Affirmé dogmatiquement par un empirisme qui s’enferre dans sa constatation, un fait s’inféode à des types de compréhension sans rapport avec la science actuelle. D’où des erreurs que la cité scientifique n’a pas de peine à juger. Qui a compris, par exemple, la théorie scientifique du point de rosée a conscience d’apporter une preuve définitive qui clôt l’ancienne controverse. La technique d’un hygromètre comme ceux de Daniell ou de Regnault - pour ne citer que des appareils connus au milieu du XIXe - donne une garantie d’objectivité moins facile à obtenir d’une simple observation “naturelle”. Une fois qu’on a reçu cette leçon d’objectivité, on ne peut guère commettre l’erreur d’un Renan qui croit pouvoir rectifier le sens commun en ces termes: «Le vulgaire aussi se figure que la rosée tombe du ciel et croit à peine le savant qui l’assure qu’elle sort des plantes.» Les deux affirmations sont également fausses; elles portent toutes deux la marque d’un empirisme sans organisation de lois. Si la rosée tombait du ciel ou si elle sortait des plantes, elle ne susciterait qu’une bien courte problématique. Le phénomène de la rosée est rationalisé par la loi fondamentale de l’hygrométrie liant la tension de vapeur à la température. Appuyé sur la rationalité d’une telle loi on peut, sans contestation possible, résoudre le problème de la rosée.

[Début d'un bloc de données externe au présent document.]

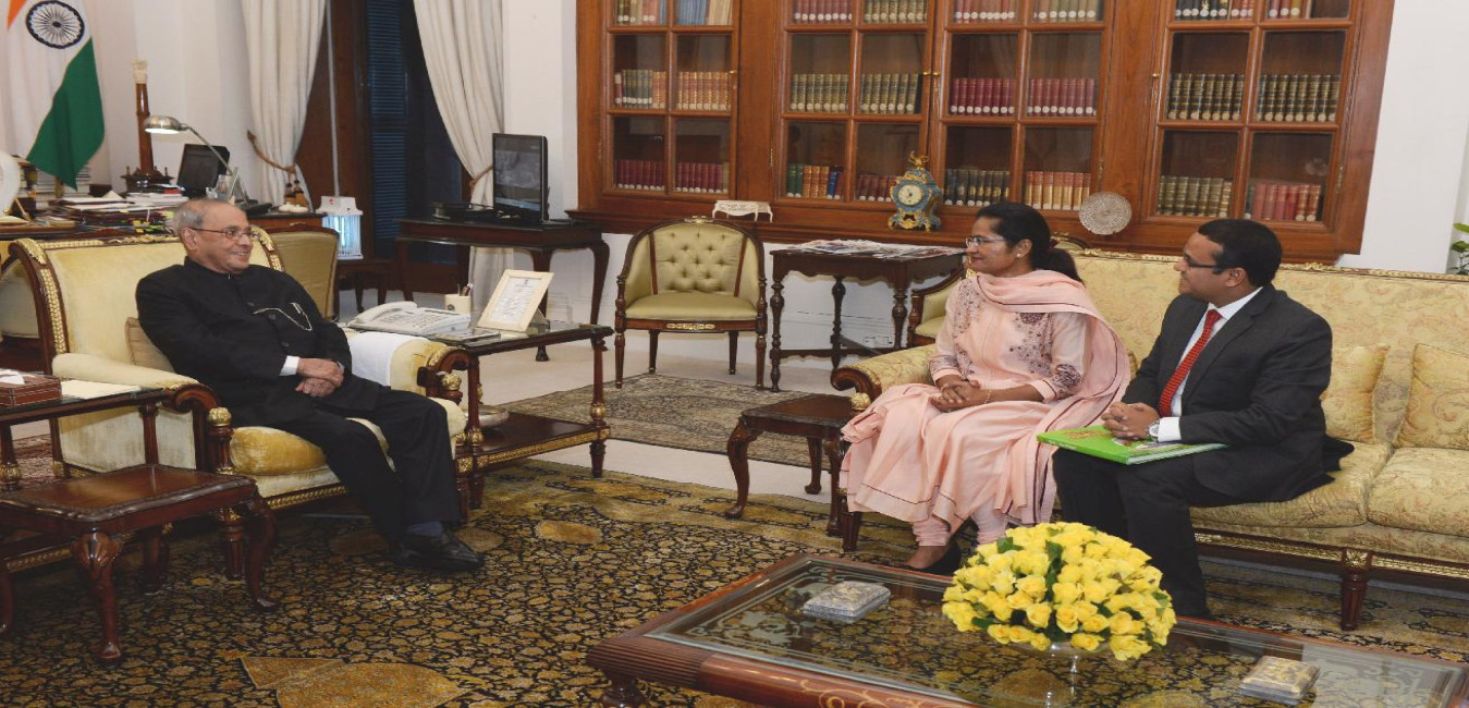 The President of India, Shri Pranab Mukherjee meeting with Smt. Aparna Kumar and Shri Sanjay Kumar, District Magistrate & Collector, Allahabad, at Rashtrapati Bhavan on August 17, 2016.

(…) Ainsi les faits s’enchaînent d’autant plus solidement qu’ils sont impliqués dans un réseau de raisons. C’est par l’enchaînement conçu rationnellement que les faits hétéroclites reçoivent leur statut de faits scientifiques. Que la Terre tourne, c’est là une idée avant d’être un fait. Ce fait n’a primitivement aucun trait empirique. Il faut le mettre à sa place dans un domaine rationnel d’idées pour oser l’affirmer. Il faut le comprendre pour l’appréhender. Si Foucault cherche, avec le pendule du Panthéon, une preuve terrestre de ce fait astronomique c’est parce qu’un long préambule de pensées scientifiques lui a donné l’idée de cette expérience. Et quand Poincaré dit que sur une terre couverte de nuages cachant les étoiles, les hommes auraient pu découvrir la rotation de la Terre par l’expérience de Foucault, il ne fait que donner un exemple de rationalisme récurrent répondant à la formule: on aurait pu, on aurait dû prévoir, ce qui revient à définir la pensée rationnelle comme une prescience.